И снова откинулся — спиною в спинку; затылком — за спинку; казалось, блаженствовал злостью, метая глаза на нас, белые зубы показывая потолку.
И я ахнул: Сергей, бледный, бритый, вихром бледно-желтым метающий, — видимо, собирался ответить еще большей резкостью: оба, руки сложив на груди, вызывающе выпятились друг на друга.
Но тут Лев Кобылинский взорвался, как бомба; два «братца», обычно являющие только зрелище псов, закатавшихся с визгом в условиях перегрызания горла друг другу (за Шарля Бодлера брат Лев и за Лотце Сергей), — как затявкают оба, как вскочат восьмерки описывать вокруг стола, средь которого Брюсов, скрестив на груди две руки, являл вид скорпиона, дрожащего черным крючком, записывавшим восьмерки за братьями.

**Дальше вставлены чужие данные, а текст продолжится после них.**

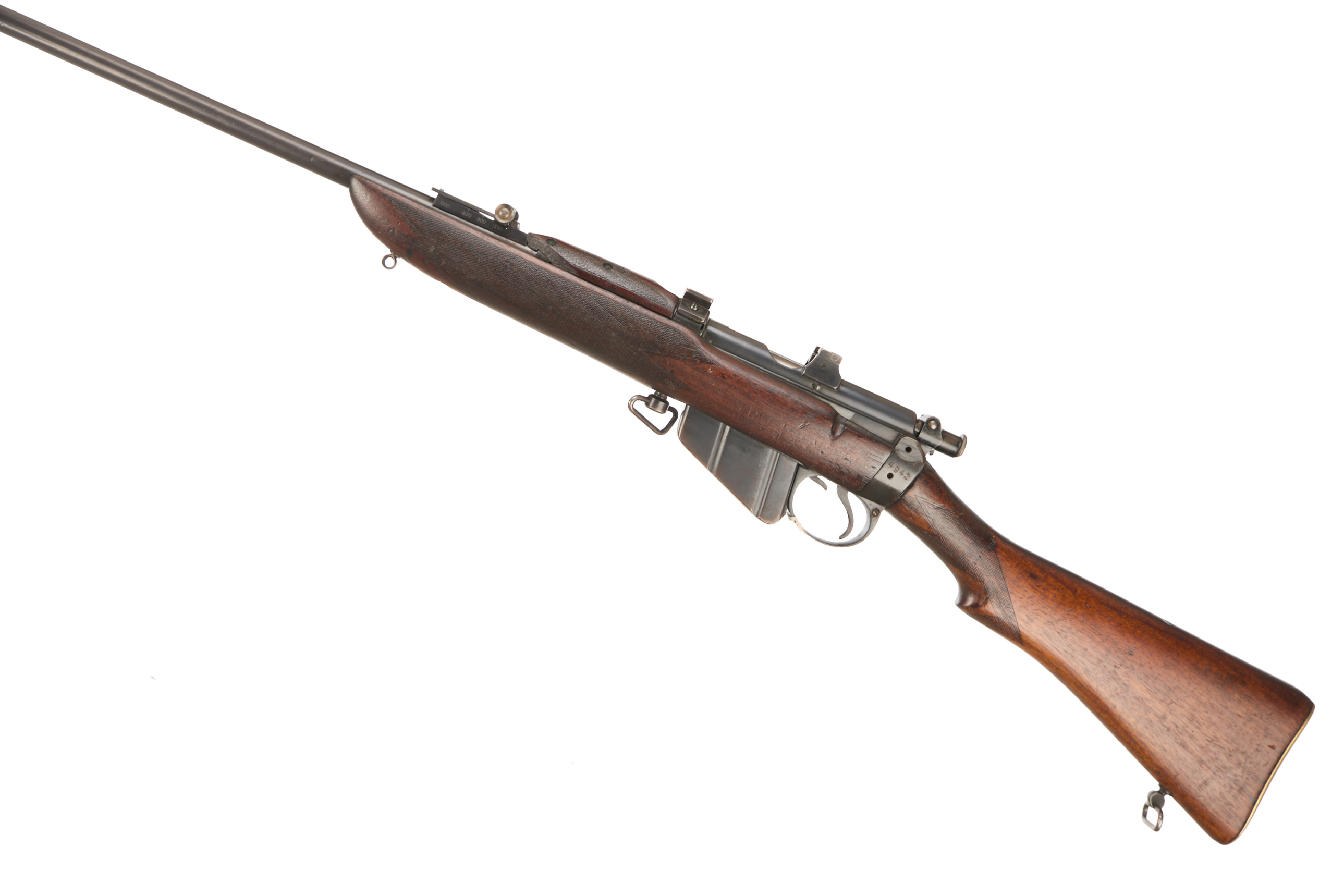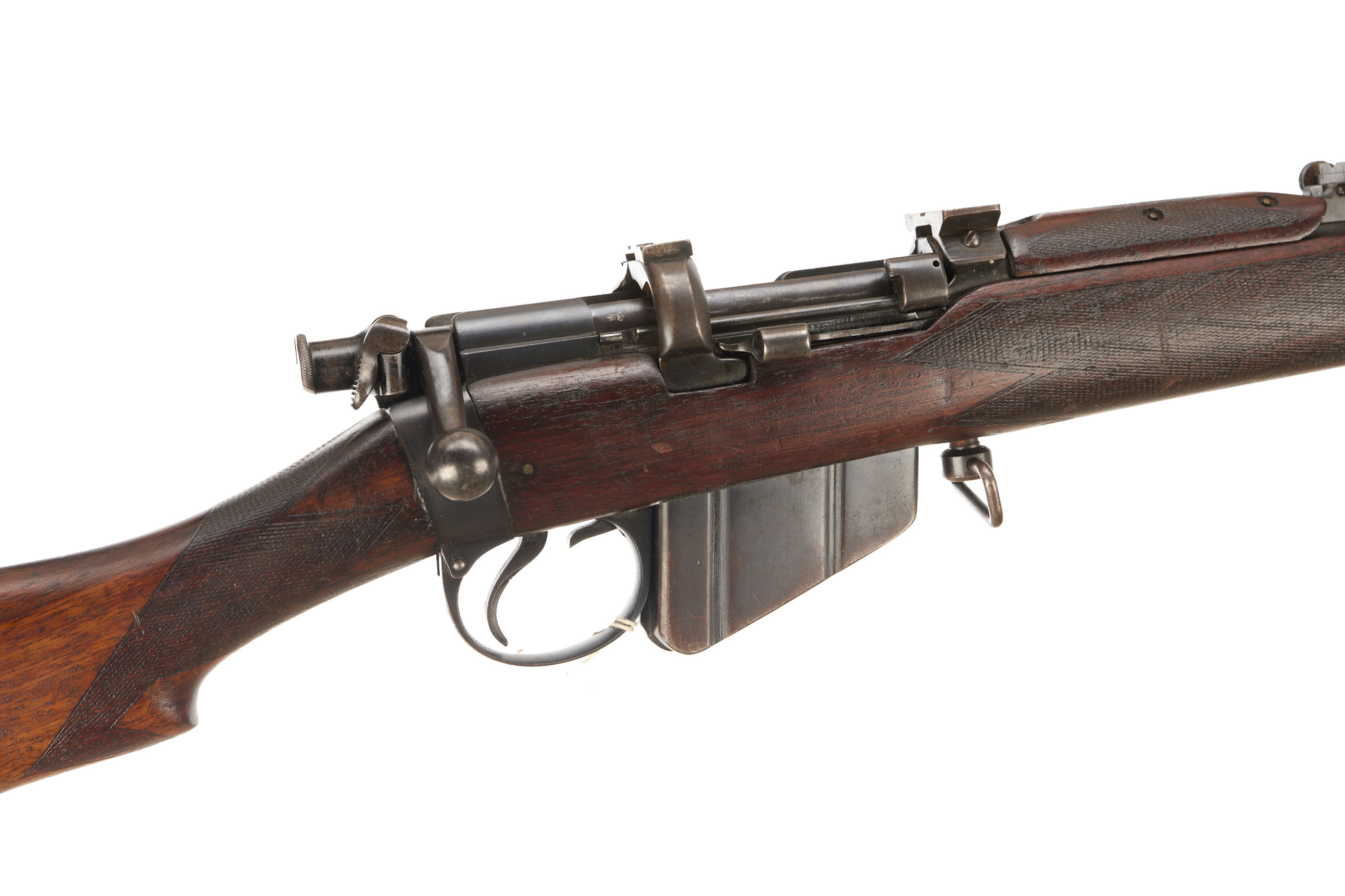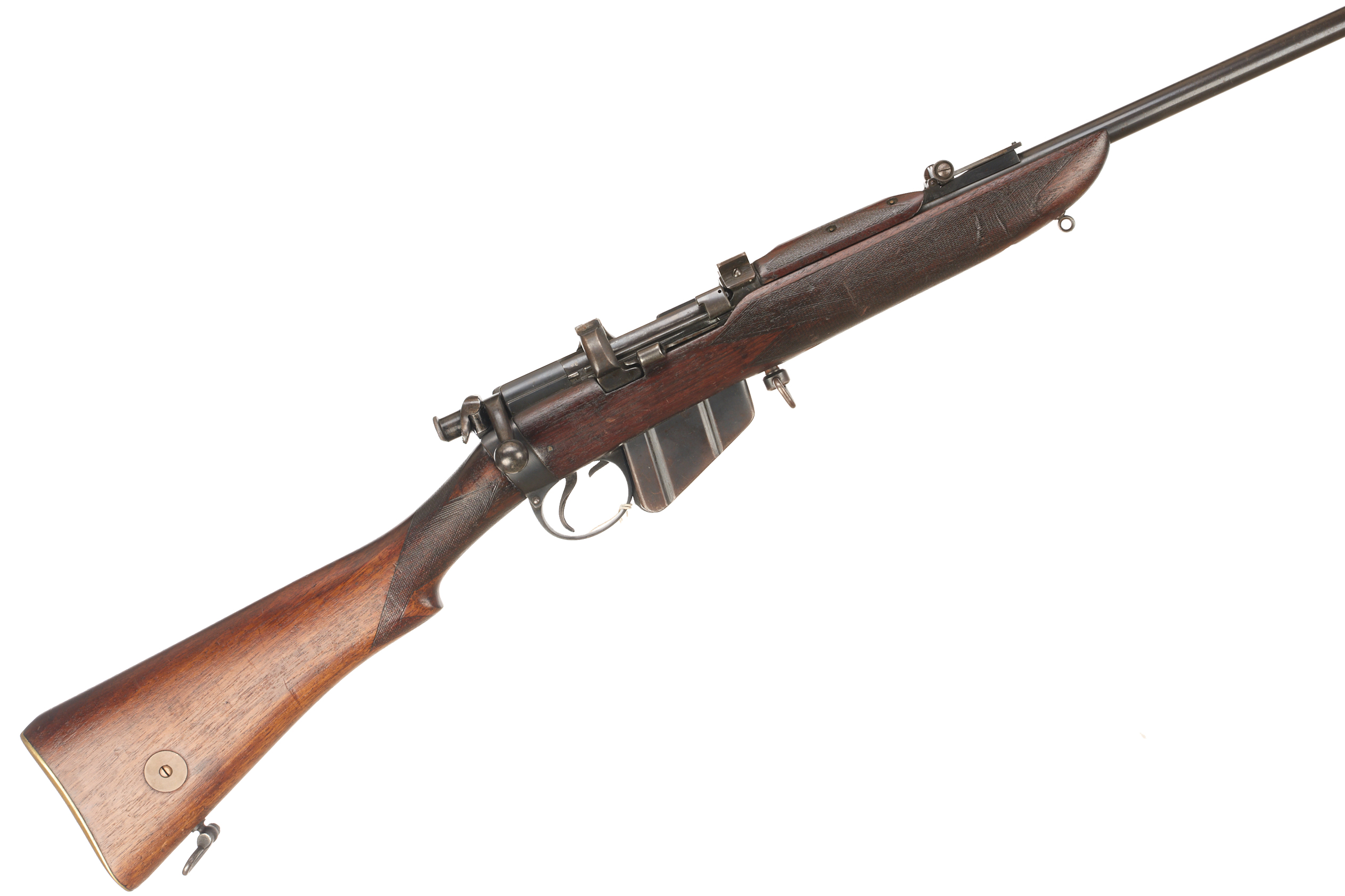 Brass butt plate, wood stock with chequered grip and forend, front, mid and rear sling loops. Post front sight, adjustable notch rear sight. CW detachable magazine.

Редко, короткими всхрипами он их жалил, и жалил, и жалил, оскаливаясь и метая татарские очи на мать, на отца, на меня — в той же позе скрещения рук на груди; иногда он закидывал голову, с дикою нежностью жало всадив; и начинал перекидываться своим корпусом справа налево и слева направо, как бы приглашая всех нас упиваться блаженством: от вида укушенных братьев; и снова ужаливал их, блистал нам глазами без слов:
«Агония!.. Яд — действует!»
А Леонид Кузьмич Лахтин, малиновым став, свою голову, как у скопца, малобрадую, скорбно повесил; и носом уткнулся в стакан, глаза вылупил на загогулины скатерти, точно жучок, представлявшийся мертвым: ни звука, ни взгляда, ни вздрога губы!

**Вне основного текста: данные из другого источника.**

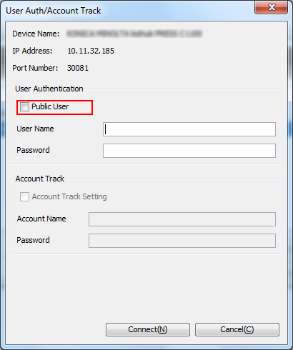 If either of the user authentication or account track function or both of them are set in the machine, you must use the User Authentication or Account Track at the time of connection.
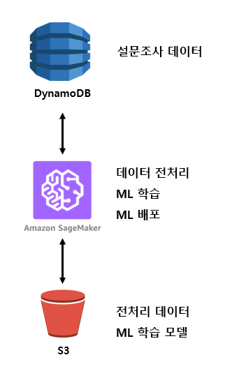 확장될 ML 서비스의 AWS구성도는 [그림 1]과 DynamoDB, Amazon SageMaker, S3로 구성된 다. DynamoDB에는 설문조사 데이터가 저장되며, Amazon SageMaker를 통해 데이터 전처리, ML 학습, ML 배포의 모든 기계학습 부분을 처리한다. Amazon SageMaker에서 생성된 전처리 데이터 와 ML 학습 모델은 S3에 저장된다.
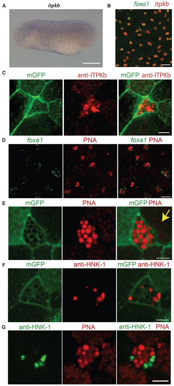 Molecular profile of the new cell type. (A) In situ hybridisation using an antisense probe to the itpkb transcript reveals a scattered, punctate epidermal pattern. (B) Double fluorescence in situ hybridisation for foxa1 and itpkb shows colocalisation of the two transcripts. (C) Antibody staining for Itpkb with mGFP shows localisation in the small cells with large apical vesicles. (D) PNA conjugated to Alexa Fluor-568 colocalises with foxa1. (E) PNA together with mGFP staining shows strong labelling of material in the large vesicles. Staining is also evident at a lower level in vesicles of goblet cells (yellow arrow). (F) Antibody staining to the carbohydrate epitope HNK-1 together with mGFP shows specific expression in the vesicles of the small cells. (G) Co-staining for HNK-1 and PNA shows that they are present in the same cell. Scale bars: 500 μm in A; 50 μm in B; 5 μm in C,E-G; 15 μm in D.

Сути спора не помню; остался набор величайших бессмыслиц, выкрикиваемых и братцем Сергеем, безусым, безбрадым, и Львом Кобылинским, ставшим черным, подскакивающим и злым паучишкою; такие ж бессмыслицы стал выкрикивать Брюсов, ценитель поэзии Пушкина и критики Белинского:
— «Ха… Пушкин — нуль: перед Гиппиус?.. Фразой одною Ореус [Ореус — фамилия поэта, писавшего под псевдонимом Конбвского; в начале века] побьет том Белинского293
. А Николай Чернышевский есть… Ха…» [Брюсов сам отмечает в «Дневниках» свою склонность говорить «нарочно»294]Нежный взгляд (от иронии, от издевательства дьявольского) — на Сергея.

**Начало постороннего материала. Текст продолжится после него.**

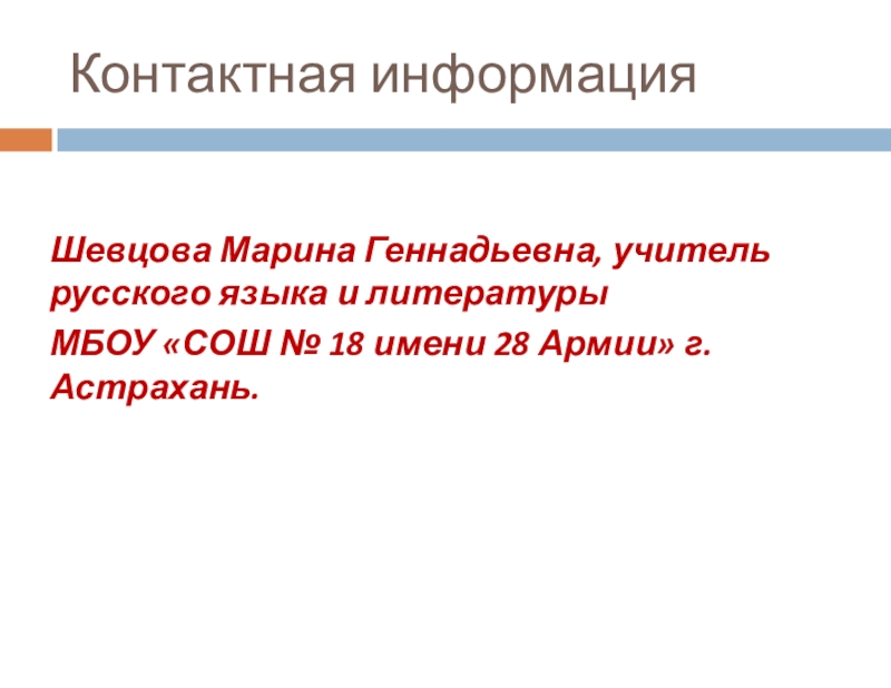 Место работы: МБОУ «СОШ №18 имени 28 Армии»

Все рты раззевали растерянно; даже Бальмонт присмирел, только Мишенька Эртель, пытаясь мирить разгасившихся спорщиков, поднимал от угла свой картавенький голос, подписываясь одновременно и рукой и ногой: под словами всех трех; да отец, вопреки ожиданью не бросившийся на подмогу братьям, сраженный дикою картиною спора, побившего все рекорды, как знаток «в сих делах», подпирал очки, с видом, каким наблюдают сраженье тарантулов в банке, поставив ее пред собой и весьма наслаждаясь.
С лукавством оглядывал нас, приглашая к вниманию, как бы восклицая:
— «Прекрасные-с спорщики!» Спор — в его стиле!
Вдруг Лахтин — жучок, представлявшийся мертвым, — взлетел и, едва попрощавшись с отцом, свою голову скопческую бросил носом в пол; и — прочь, к двери: ни звука, ни взгляда, ни вздрога губы! Он — исчез. Увидавши тот жест, Кобылинские — тоже в двери за ним: ни с кем не простившись, наткнувшись в передней на тройку веселых, вполне добродушных и запоздавших блондинов; как ангелы мира, они вошли в дверь: Поляков, Балтрушайтис и Перцов, в Москве оказавшийся.
Вечер окончился очень приятно; В. Я. Брюсов, став тих, как овечка, проворкотал на прощанье отцу что-то очень приятное; он мог быть шармером: старушек пленял, воркоча им под ухо баллады Жуковского; отец, пленившийся декапитированьем двух гораздых до спора бойцов, свои руки развел, проводив «декадента»; с лукавым довольством покрикивал нам:
— «Этот Брюсов — преумная, знаешь ли, бестия!»
Точно присутствовал он на турнире, где Ласкер Чигорина и Соловцева (партнеров отца) уничтожил.
И думалось:
«Ну, пронесло!»
На другой день — письмо В. Я. Брюсова: матери: он просил его извинить в том, что был в ее доме он очень груб с Кобылинскими: «Но эти братья — несносные братья», — запомнилась фраза письма;295
я о них беспокоился мало; им подобного рода спор — был нипочем; каждый день они где-нибудь бились.Гроза для меня надвигалась: государственные экзамены!
Перед экзаменом
Весна 1903 года отметилась мне изменением облика; всюду запел, как комар, декадент; стаи резвых юнцов, как толкачики, борзо метались в «Кружке»; расширялись заданья издательские «Скорпиона»; уж «Гриф» тараторил весенней пролеткой от Знаменки; три объявились поэта: Волошин, Блок, Белый; четвертый грозил появиться в Москве: Вячеслав Иванов; Бальмонт, появись, запорхал по Арбату; В. Брюсов писал в «Дневниках»: «Познакомился с… Ремизовым» — и еще: «У меня был Леонид Дмитриевич Семенов…» Брюсов писал из Парижа о встрече своей с Вячеславом Ивановым: «Это настоящий человек… увлечен… Дионисом…»;296
студент еще, Зайцев, Борис Константинович, — объявился писателем.Литературные поросли!
И начиналось решительное изменение вида тогдашней Москвы: уже трамвай проводился; уже ломались дома; появились, впервые, цветы из Ривьеры; являлась экзотика в колониальных магазинах: груды бананов, кокосов, гранат; появились сибирские рыбины странных сортов; населенье — удвоилось; запестрили говоры: киевский, харьковский, екатеринославский, одесский.